According to the Major Energies Marketers Association of Nigeria, the landing cost of petrol was N828 per litre as of December 12.

This made importers’ ex-depot prices roughly N129 higher than the rate set by Dangote Refinery. Analysts note that competitive pressure could compel depot owners to match Dangote’s pricing, potentially leading to a loss of N129 for each litre sold.

Based on consumption data, this could translate to daily losses of about N3.41 billion and monthly losses of around N102.48 billion for importers.

Similarly, with Dangote Refinery supplying 705.6 million litres of petrol monthly, the N129 reduction could result in the refinery incurring a monthly loss of approximately N91.02 billion.

Chinedu Ukadike, spokesman for the Independent Petroleum Marketers Association of Nigeria (IPMAN), described a challenging situation for fuel importers, especially those with cargoes still on the waterways.
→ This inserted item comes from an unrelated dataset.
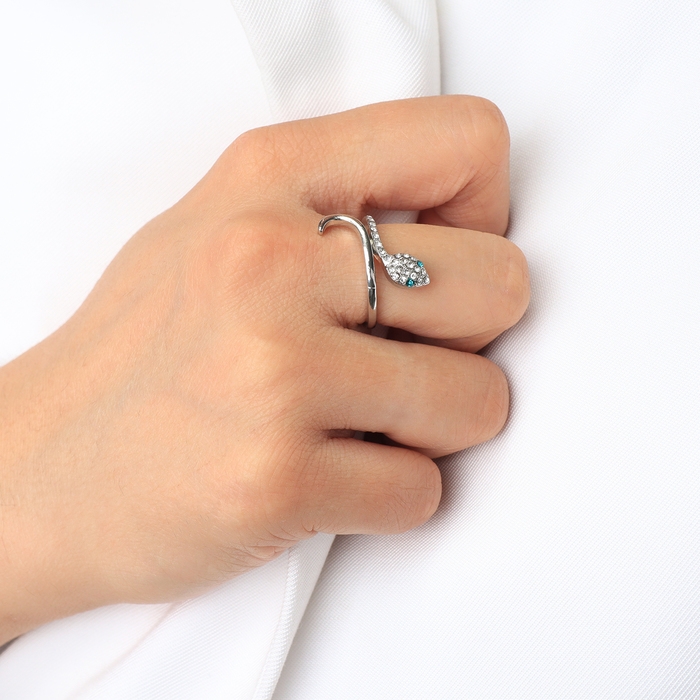 Новый год! Символ года 2025! Кольцо «Змея» миниатюрная, цвет бело-зелёный в серебре, безразмерное

He noted that many importers had yet to discharge their petrol shipments and expressed uncertainty about how they would cope with the current market conditions. “For importers, I wish them good luck because most of them who have imported petrol and whose cargoes are still on the waterways have not been discharged.

I don’t know how they are going to manage it this time around. But I wish them good luck, and I will also recommend high blood pressure medicines for them,” Ukadike said.

Ukadike disclosed that filling stations could lose over N80bn as they would be compelled to sell existing stocks below cost once cheaper products flood the market.

While commending Dangote for slashing petrol prices and congratulating Nigerians for enjoying the benefits of local refining and deregulation, he said marketers had begun counting their losses.

“It is a welcome development. We marketers have since been anticipating that since crude prices and the exchange rate are stabilising, we should also gain meaningfully from the Dangote refinery as the largest producer of petroleum products in Nigeria, and it has come to pass,” he said.

Ukadike noted that marketers who purchased petrol at roughly N828 per litre would face significant losses once the new, lower-priced product begins to circulate in the market.